José Ufarte ad As: «Era sconcertante. Aveva una velocità insolita. Nessun difensore riusciva mai a fermarlo».

«Garrincha credeva più nei guaritori che nei dottori. Era una persona speciale»

Su As un’intervista a José Ufarte. E’ stato una stella del Flamenco prima di diventare una leggenda dell’Atlético, con cui ha vinto tre campionati e due coppe. Soprannominato “O Espanhol”, ricorda gli anni passati con Garrincha e Pelé. Al Flamengo è rimasto da quando aveva 15 anni fino ai 23, quando poi è passato all’Atlético dopo un prestito al Corinthians per nove mesi.

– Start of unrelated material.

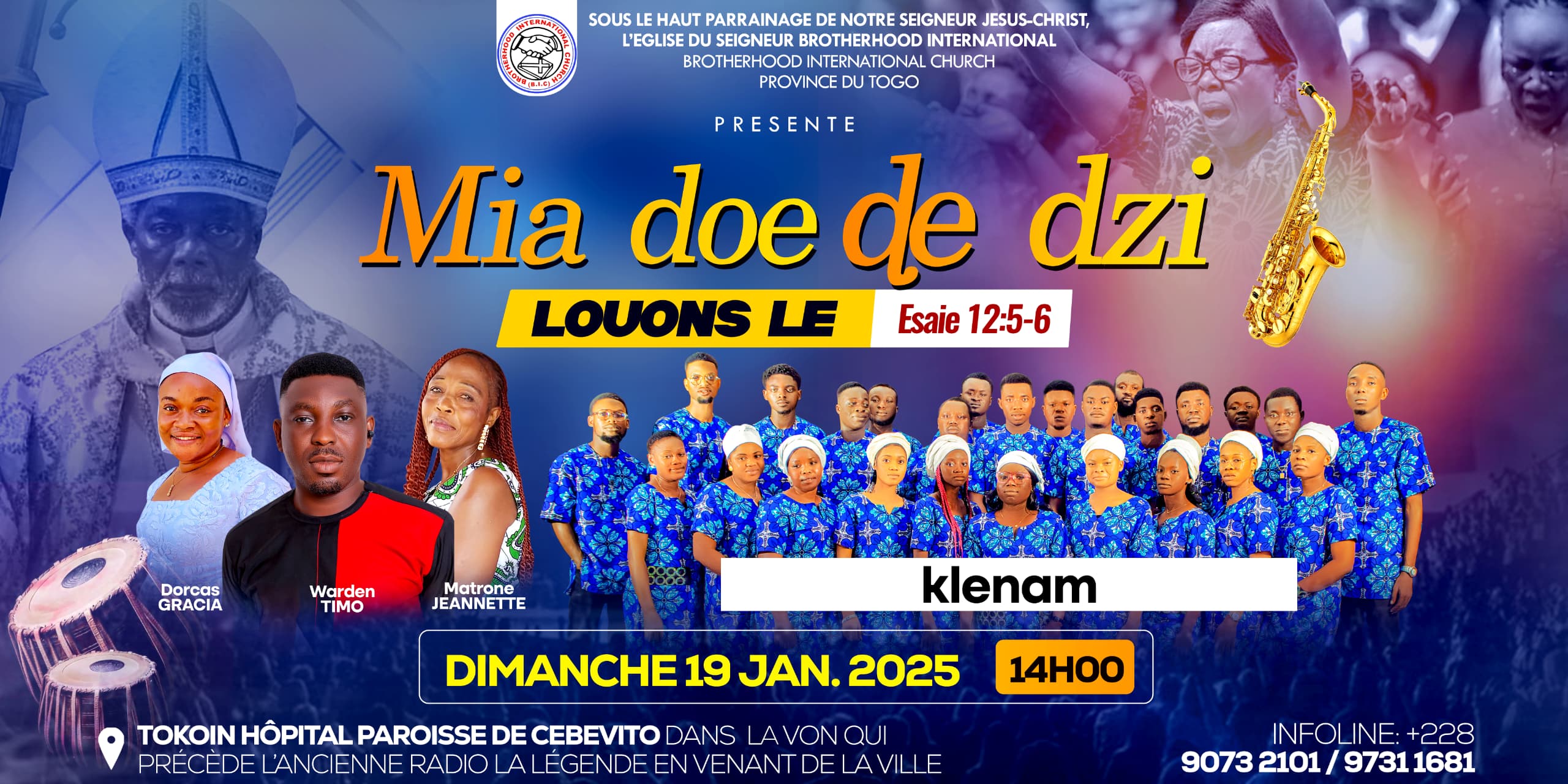 Lomé s’apprête à vivre un moment d’émotion intense ! L’Église du Seigneur Brotherhood International, sous la direction de Son Éminence le Primat William Mensah Fiadonou, et du Vice-Primat AFANVI Koffi Amenouho Isaac, organise un grand concert spirituel dénommé « Mia doe de dzi » (Elevons-le), inspiré d’Esaïe 12:5-6. Cet événement se tiendra ce 19 janvier 2025 à partir de 14h sur la paroisse de Cebevito à Lomé-Tokoin.

Ufarte parla di Garrincha.

«Ero un suo fan totale. Sono andato alla squadra di Rio de Janeiro, che tra l’altro era piena di campioni del mondo, ed è stato convocato anche lui. Quando sono arrivato in albergo, mi ha detto: “Preparati a giocare, perché devo andare a farmi vedere il ginocchio dalla rezadora”. Credeva più nel guaritore che nei dottori! Era una persona speciale, senza dubbio, e poi sono stato fortunato ad averlo qui a Madrid perché è venuto con sua moglie, che era un’artista di samba e si esibiva sulla Gran Vía, e l’ho portato un giorno ad allenarsi con l’Atlético di Madrid. Era a casa mia, ho avuto una grande amicizia con lui. Anche con Pelé, ma meno. Anche se ogni volta che veniva a Madrid ci chiamavamo per andare a mangiare e così via. Ho un grande affetto per il popolo del Brasile perché mi ha trattato meravigliosamente. In effetti, ho sposato una brasiliana».

Chi ti ha dato più grattacapi? Garrincha o Pelé?

«Entrambi! Sono stati i migliori. Pelé è stato completissimo, ha dominato tutto. Garrincha era sconcertante. Aveva una velocità insolita. In quindici metri scattavo e nessuno lo prendeva. Si metteva di fronte ai difensori e tutti sapevano cosa avrebbe fatto… ma nessuno riusciva a fermarlo».

Ufarte parla del Flamengo, di cui si è sempre detto che è il club più popolare del Brasile.

«Ed è vero. È il più amato del paese, il più grande. È un club che gioca con 50 milioni di tifosi alle spalle, più della popolazione della Spagna. Il nostro campo era così piccolo che quasi sempre dovevamo giocare al Maracanà. Abbiamo giocato una finale di campionato contro il Fluminense davanti a 185.000 spettatori. Record mondiale. È stato stupefacente. . Non so come non ci sia stata una grande disgrazia, perché poteva esserci un problema serio».

Il calcio brasiliano ha perso slancio perché non riesce a trattenere i giovani talenti, o almeno così sembra dall’altra parte dello stagno.

«È così. Sempre più giovani vengono in Europa. I bambini perdono i loro riferimenti. Vinicius, appunto del Flamengo, o Rodrygo arrivò a 18 anni. Ai miei tempi, il miglior calcio del pianeta si giocava in Brasile, ma di gran lunga. Oggi questi bambini non hanno il tempo di vedere da vicino gli adulti perché lasciano subito il Paese. Dal 1950, nonostante il Maracanazo, al 1970, il Brasile è stato il migliore del mondo».